In the CD34⁺ model, myeloperoxidase (MPO) is observed from the onset, with levels increasing during the first 24 to 48 hr of induction with SCF and IL-3. Levels of MPO will then sharply increase upon G-CSF induction, and remain high until the end stages of neutrophil maturation, where levels begin to decrease. Neutrophil elastase is observed in myeloblasts and early promyelocytes, with levels remaining high throughout differentiation. By comparison, MPO is highly expressed in NB-4, HL-60, EPRO, and 32Dcl3 cells, with decreased expression in each cell line upon terminal differentiation. Lactoferrin is expressed in later stages of differentiation in CD34⁺ cells and lineage-depleted cells (day 6 to 7), but is rapidly upregulated in EPRO and MPRO in response to ATRA, in 32Dcl3 cells in response to G-CSF, and in SCF ER-Hoxb8 cells upon β-estradiol withdrawal (see Fig. 22F.5.4, and Subramanian et al, 2012, for additional expression results in EML/EPRO cells); no expression is observed in NB-4 or HL-60 cell lines.
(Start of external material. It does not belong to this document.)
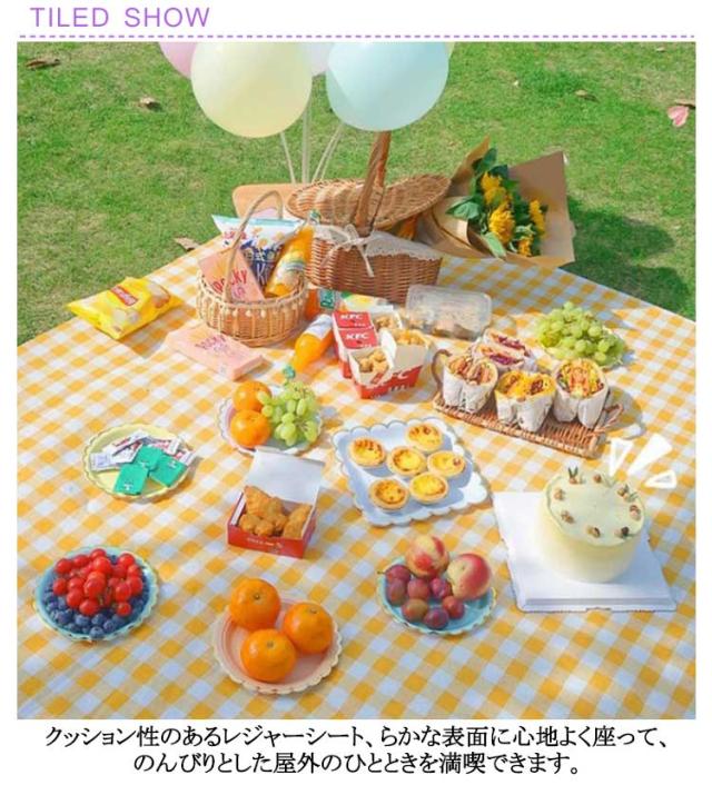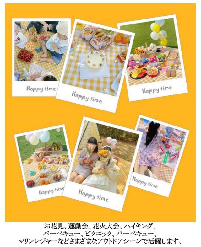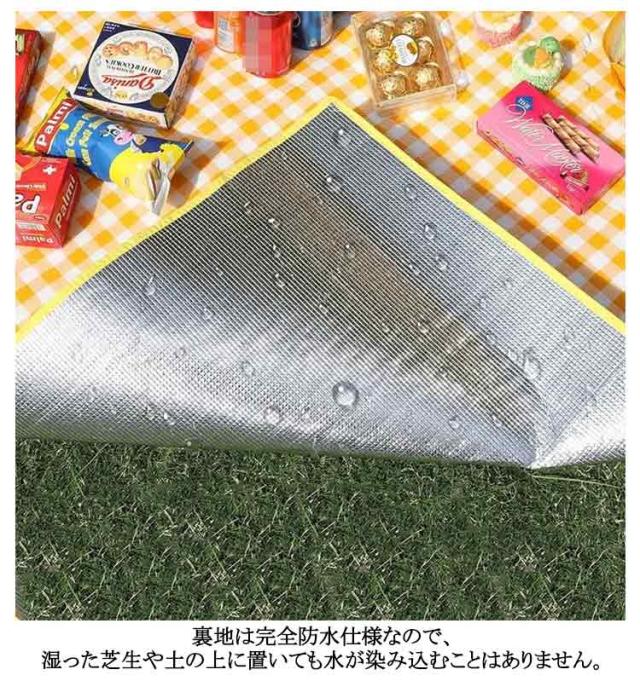 | 地面が濡れても、ジュースがこぼしても安心の両面防水ピクニックマット。 クッション性のあるレジャーシート、らかな表面に心地よく座って、のんびりとした屋外のひとときを満喫できます。 汚れてもさっと拭けて、お手入れ簡単の防水素材、キャンプやBBQなどの際にもぜひご活用ください。 裏地は完全防水仕様なので、湿った芝生や土の上に置いても水が染み込むことはありません。 お花見、運動会、花火大会、ハイキング、バーベキュー、ピクニック、バーベキュー、マリンレジャーなどさまざまなアウトドアシーンで活躍します。 | |

Changes in the expression of cell surface markers can vary in different cell lines/models. For example, Mac-1 is low or absent in all of the cell lines prior to induction, but increased expression should be rapidly observed during differentiation (see Fig. 22F.5.3, and Lawson et al., 1998b for additional results in EML/EPRO cells). By comparison, Gr-1 is essentially lacking in undifferentiated bone marrow progenitors and uninduced SCF ER-Hoxb8, but is upregulated as either model is induced toward mature neutrophils. EML cells also lack Gr-1 expression, and levels increase in EPRO cells, but expression does not significantly increase as they mature into neutrophils. Finally, F4/80 exhibits significant upregulation in models of macrophage differentiation.

Time Considerations

To induce differentiation with each cell line, an overnight incubation of cells diluted to 3–5 × 10⁵ cells/ml is required prior to the addition of inducing agents. The time to set up each induction process requires <1 hr, except in the case of 32Dcl3 cells, which requires two wash steps to remove IL-3 prior to G-CSF induction. For cell surface analysis, the entire procedure takes ∼2 hr, not including the time for flow cytometry/cell imaging. Assessment of gene expression profiles by real time RT-PCR can be performed in 3 to 4 hr, but may require pilot experiments to optimize amplification protocols and primer designs, whereas northern blots can take up to 2 days to generate and analyze.